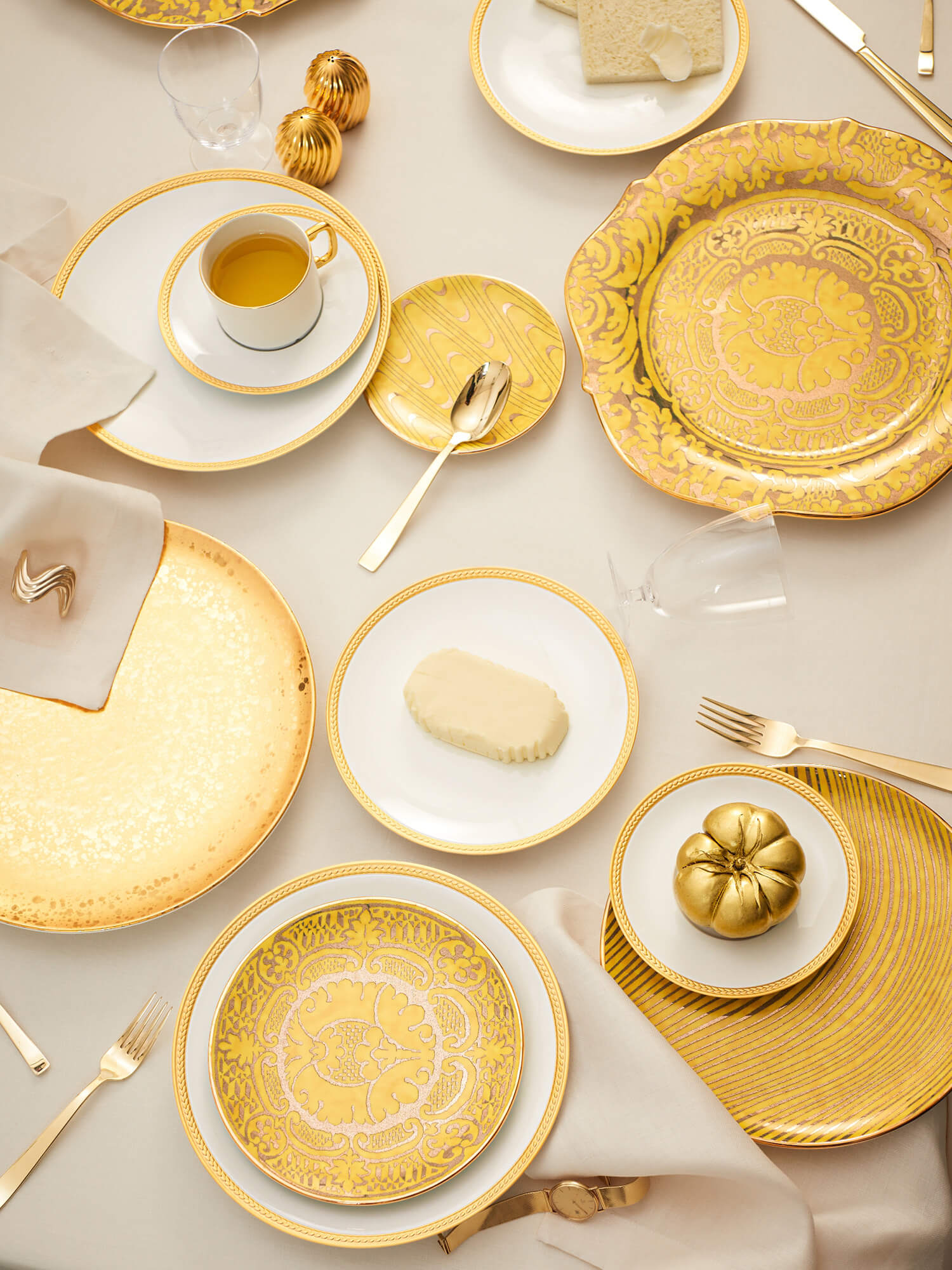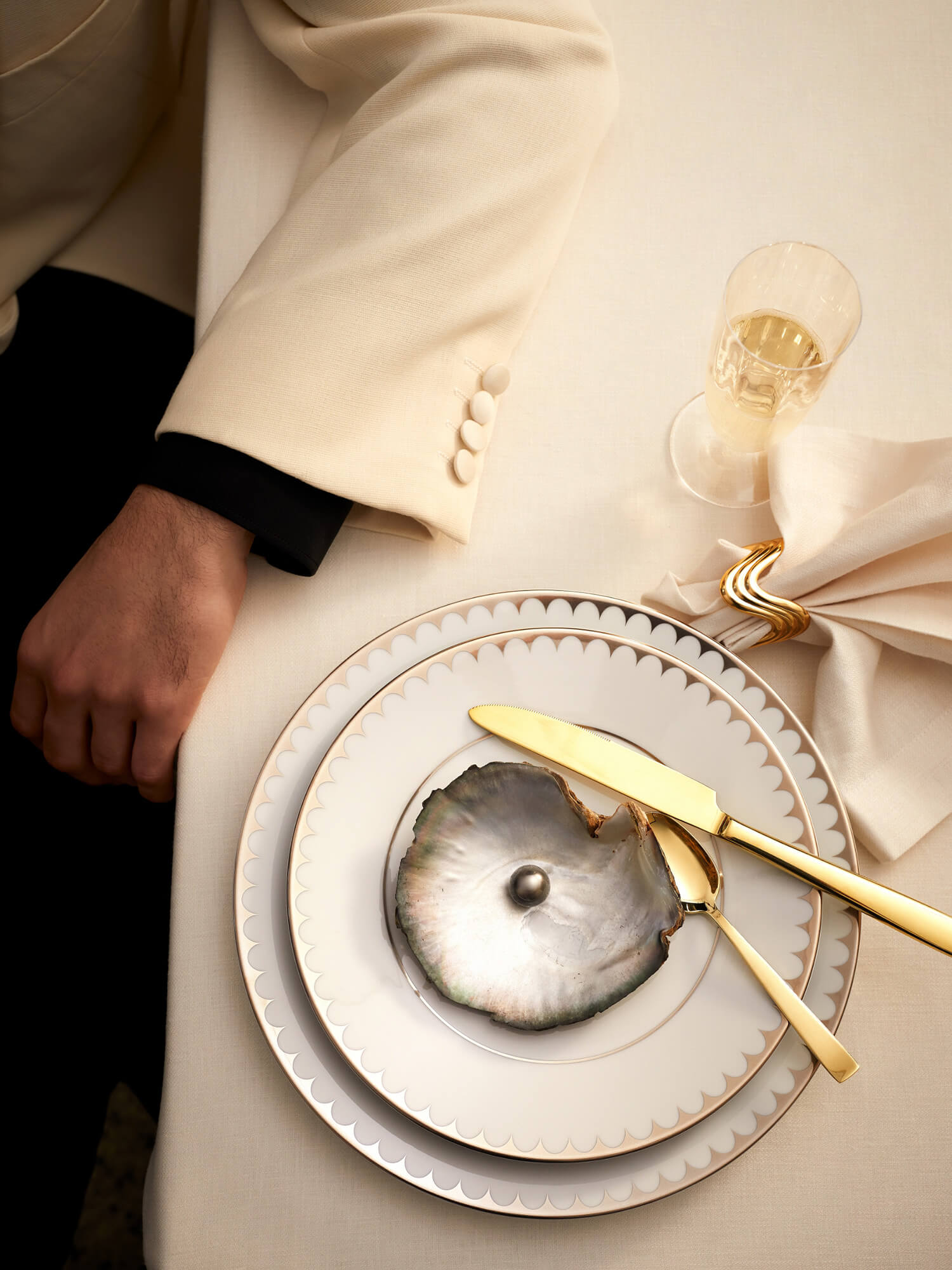 Bathed in tones of white, gold, champagne, and platinum, the holiday table becomes a canvas of light and connection. Here, every element finds its place—porcelain, glassware, serveware, and cutlery weaving together in harmony. More than objects, they are gestures of elegance, designed to transform dining into ritual, and gathering into art.
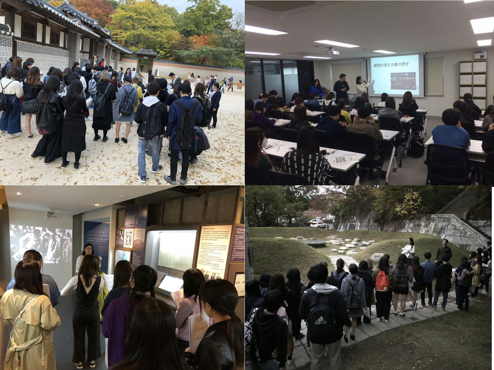 一日目・二日目は、景福宮や南山公園など、有名な観光地がもつ歴史的背景について、民族問題研究所の野木香里さんからの解説を受けながら、フィールドワークをおこないました。また、植民地歴史博物館を訪れ、『韓国のレジスタンス』の著者である趙漢成さんからの講義を聞きました。
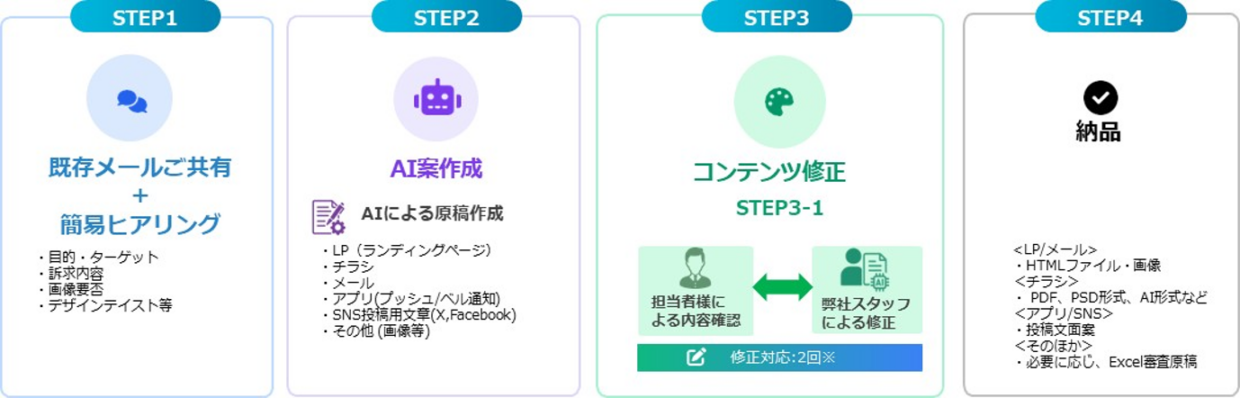 既存メールの共有と簡単なヒアリングで、簡単にAIがたたき台を作成し、その後、1~2回の修正依頼を経て、完全版を納品します。
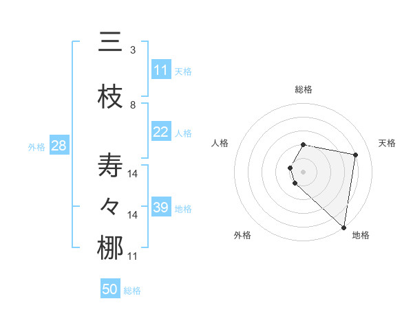 三枝 寿々梛さんを姓名の画数から五運を鑑定

YOUR OBJECTIVE – Find the line containing "一日目・二日目は、景福宮や南" in the listing above. Restate it and every line after it, word for word, through the final line, leaving out the pictures.

YOUR SOLUTION –
 一日目・二日目は、景福宮や南山公園など、有名な観光地がもつ歴史的背景について、民族問題研究所の野木香里さんからの解説を受けながら、フィールドワークをおこないました。また、植民地歴史博物館を訪れ、『韓国のレジスタンス』の著者である趙漢成さんからの講義を聞きました。
 既存メールの共有と簡単なヒアリングで、簡単にAIがたたき台を作成し、その後、1~2回の修正依頼を経て、完全版を納品します。
 三枝 寿々梛さんを姓名の画数から五運を鑑定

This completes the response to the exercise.